The physical embodiment of a medical technology and its interaction with the healthcare professional or patient end user can make or break its adoption by the wider market. At the same time med-tech product design is carried out in a highly regulated sector where demonstration of compliance to international standards is critical to achieving market authorisation. This event in partnership with the Medical Technologies Innovation Facility (MTIF) brings together speakers from the NHS, industry and academia to provide considered insights into the area of Med Tech product design.
The webinar will address:
-Balancing safety, function and form – how using professional design services can save project time and costs
-The role of human factors in assessing med-tech product design
-The value of obtaining end user acceptance data though expert clinical evaluation
-Design and Achieving Regulatory compliance
This webinar is open to all organisations seeking insight into medical product design and the particulars of clinical evaluation and human factors assessment.

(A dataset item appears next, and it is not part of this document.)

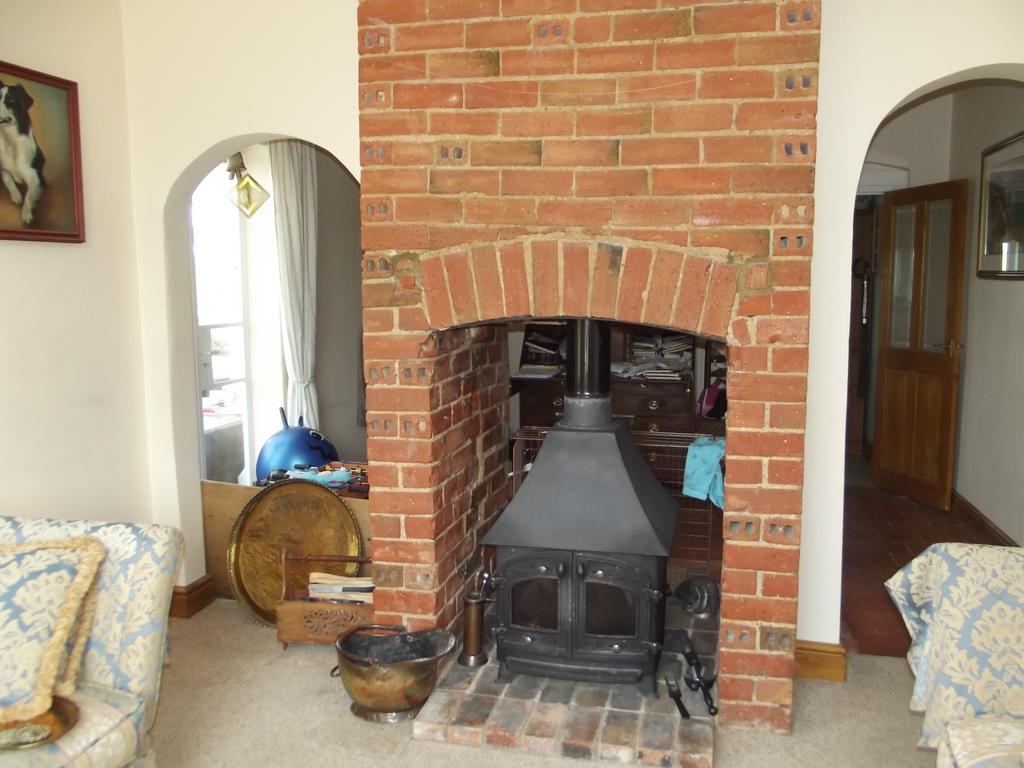 Off the kitchen lies a thoughtfully designed study or playroom, seamlessly connected to the sitting room by a charming double-sided log burner set within a handsome exposed brick chimney—a standout feature that adds warmth and character, ideal for cosy evenings.

There will also be an opportunity to pose your questions to our presenters in a Q&A session after the presentations.
This free to attend event is held as part of the INSTILS programme – a project part-funded by the European Regional Development Fund, click here to be re-directed to further information about the project. This event is classed as State Aid to participating businesses, the value of which is £190, but is delivered completely free of charge to participants.
Please note: whilst this event is held as part of the INSTILS programme, this event is not restricted to those in the D2N2 area.
Speaker Profiles
Professor Mike Hannay, Managing Director, MTIF (CHAIR)
Professor Peter Ford, Professor of Design, Design Matters MTIF
Peter Ford has over 40 years of experience in designing a wide range of products and medical devices for companies that include Pfizer, Huntleigh Healthcare, 3M and Inspiration Healthcare. Peter currently directs the Design Matter product design research group at NTU.
Dr Robert Reisel, Technical Director, MTIF
Robert has been Technical Director at MTIF since June 2020.
For the last 8.5 years he developed Class I, II and III medical devices for global wound and incontinence management from bench to bedside working in the UK and Germany.
He is responsible for Operational, Product Development, Quality, Regulatory, HSE and a Technical Team of 5 people.
Professor Daniel Clark, OBE , Director, CHEATA
As head of a large Clinical Engineering service and over 35 years working in healthcare technology, Dan has huge experience of technology in healthcare, particularly the NHS. He also has considerable expertise in innovation of healthcare technology and the adoption of new technology into clinical applications.
Alex Mariou, Surgical Solutions Project Manager, STERIS Solutions Ltd
Alex is a Project Design Manager at STERIS UK. STERIS is a global leader in the design, manufacture, sale and support of Infection Prevention products, Operating Room equipment and Endoscopy Devices. Alex has 10 years’ experience in the healthcare equipment industry and has specialised in designing and providing solutions for Integrated Theatres using cutting edge technology and equipment. Working across the UK, Alex provides surgical equipment for operating rooms and clinical care areas and is responsible for preparing proposals for projects and managing the process from order to installation.